▶ **Requirement**: Would you transcribe the records below from the line with "in the palette!" to the line with "This cable by", ends included, exactly and with nothing more, leaving the pictures out?

▶ **Data for analysis**:
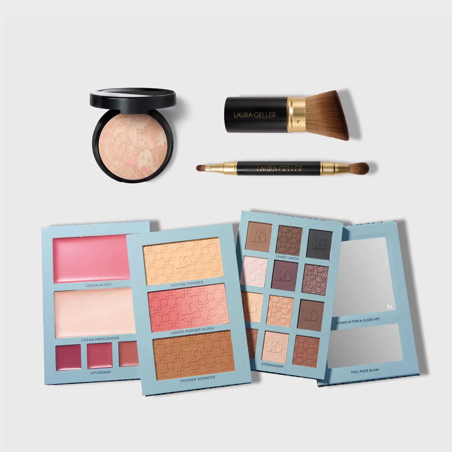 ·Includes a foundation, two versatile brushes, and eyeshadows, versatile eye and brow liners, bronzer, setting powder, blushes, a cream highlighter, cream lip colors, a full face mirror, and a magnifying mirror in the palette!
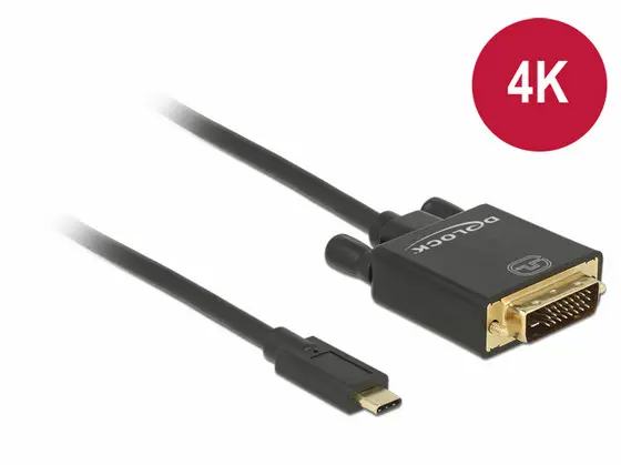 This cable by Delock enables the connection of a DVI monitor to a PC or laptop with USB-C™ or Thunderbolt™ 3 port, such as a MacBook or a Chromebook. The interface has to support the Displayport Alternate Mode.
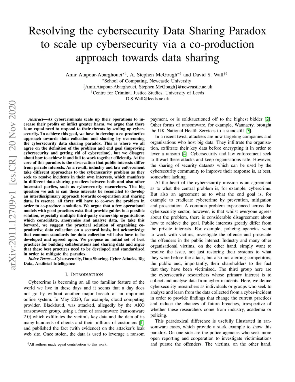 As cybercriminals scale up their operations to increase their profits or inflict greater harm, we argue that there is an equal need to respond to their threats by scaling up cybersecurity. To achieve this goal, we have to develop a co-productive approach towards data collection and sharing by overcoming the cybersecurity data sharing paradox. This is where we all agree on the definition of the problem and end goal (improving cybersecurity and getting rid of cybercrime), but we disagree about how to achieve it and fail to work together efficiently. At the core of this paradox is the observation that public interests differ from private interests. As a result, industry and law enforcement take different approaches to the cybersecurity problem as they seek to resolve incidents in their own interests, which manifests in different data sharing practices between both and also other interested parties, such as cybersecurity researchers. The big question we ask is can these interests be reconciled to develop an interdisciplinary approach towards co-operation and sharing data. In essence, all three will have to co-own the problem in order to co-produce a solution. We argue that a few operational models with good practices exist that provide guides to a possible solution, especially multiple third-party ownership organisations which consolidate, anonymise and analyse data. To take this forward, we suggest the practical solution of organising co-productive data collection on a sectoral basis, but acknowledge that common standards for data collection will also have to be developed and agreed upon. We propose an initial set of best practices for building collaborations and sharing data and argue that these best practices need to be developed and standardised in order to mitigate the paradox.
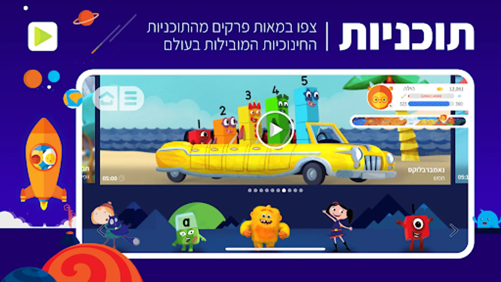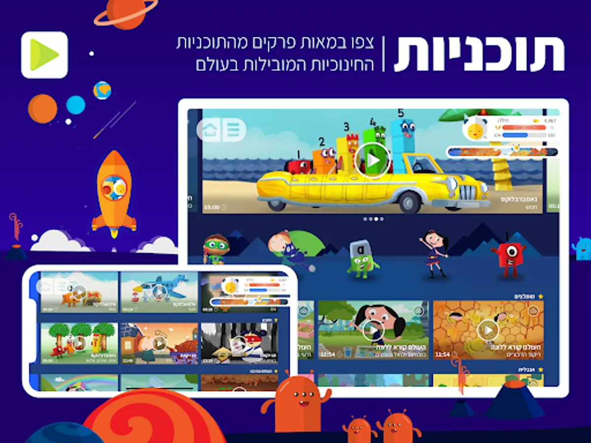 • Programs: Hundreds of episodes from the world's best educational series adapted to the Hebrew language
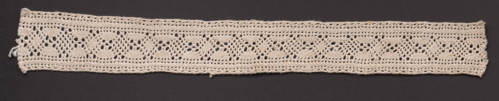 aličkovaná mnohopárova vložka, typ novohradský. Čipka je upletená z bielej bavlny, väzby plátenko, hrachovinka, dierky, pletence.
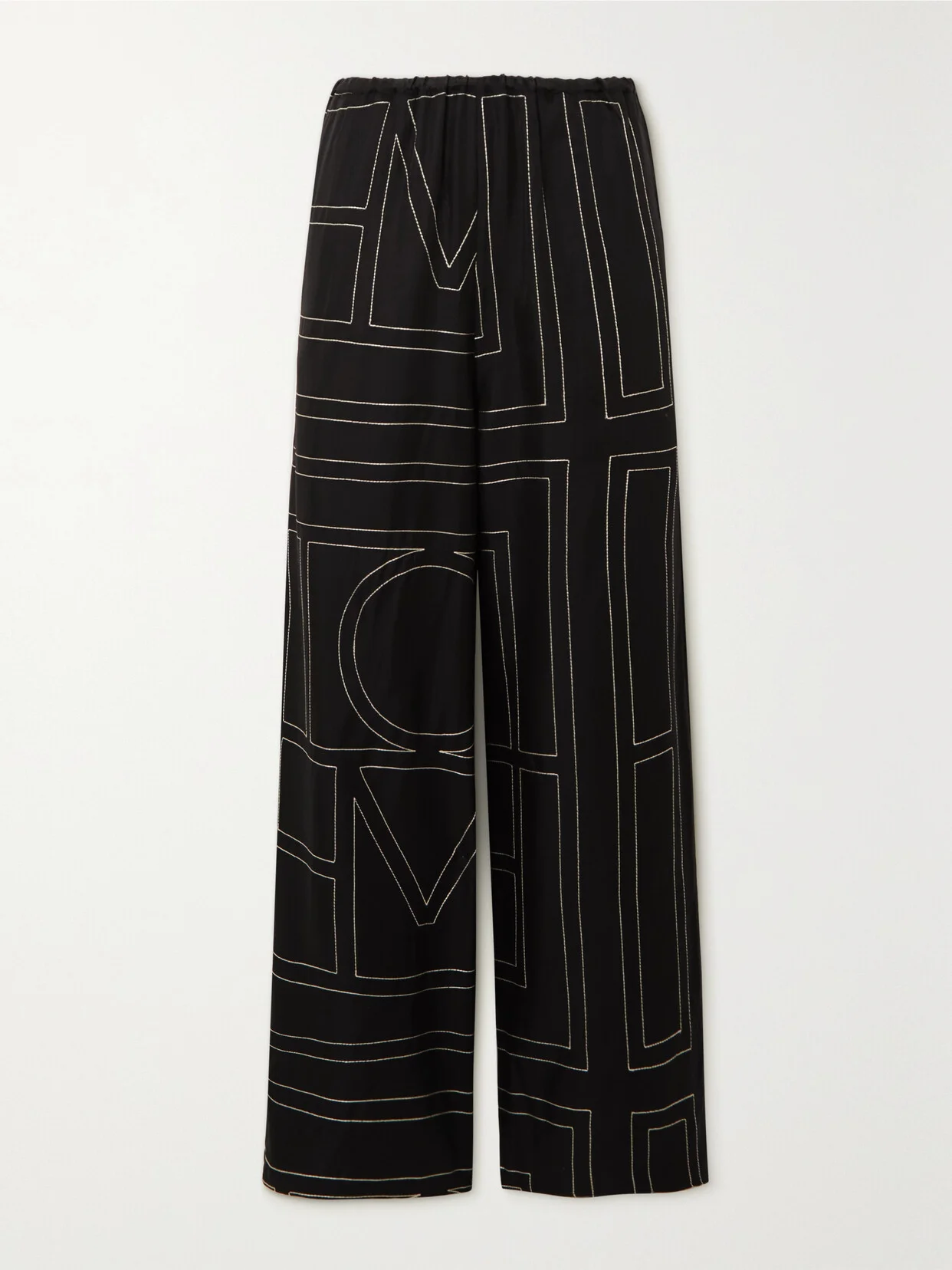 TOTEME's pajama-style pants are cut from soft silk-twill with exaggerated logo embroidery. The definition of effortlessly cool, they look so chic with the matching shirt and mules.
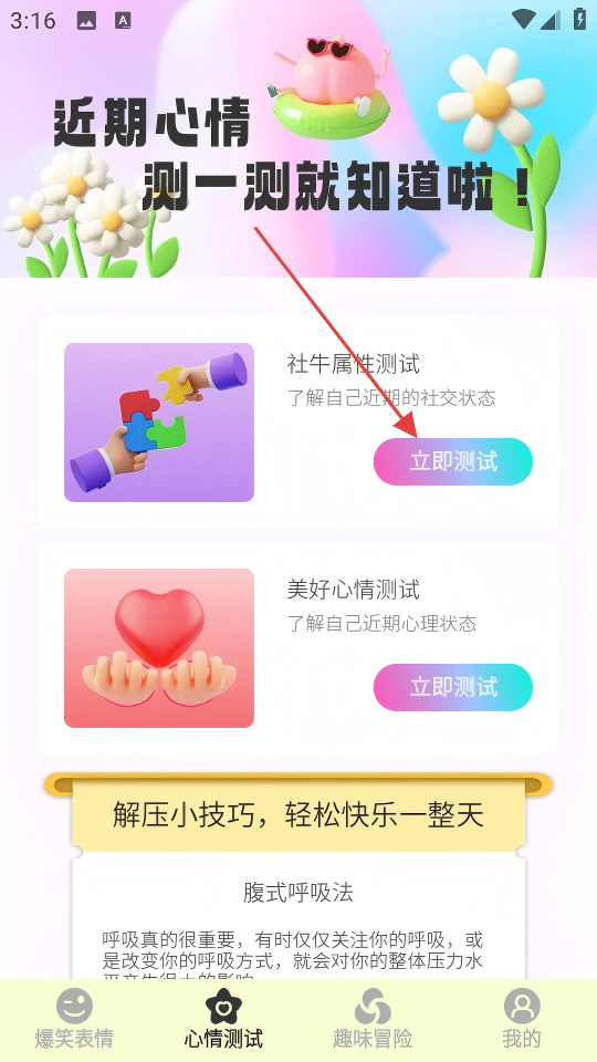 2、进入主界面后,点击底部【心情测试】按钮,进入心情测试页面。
--
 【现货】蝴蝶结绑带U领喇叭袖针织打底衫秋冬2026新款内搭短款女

▶ **Exercise answer**:
 ·Includes a foundation, two versatile brushes, and eyeshadows, versatile eye and brow liners, bronzer, setting powder, blushes, a cream highlighter, cream lip colors, a full face mirror, and a magnifying mirror in the palette!
 This cable by Delock enables the connection of a DVI monitor to a PC or laptop with USB-C™ or Thunderbolt™ 3 port, such as a MacBook or a Chromebook. The interface has to support the Displayport Alternate Mode.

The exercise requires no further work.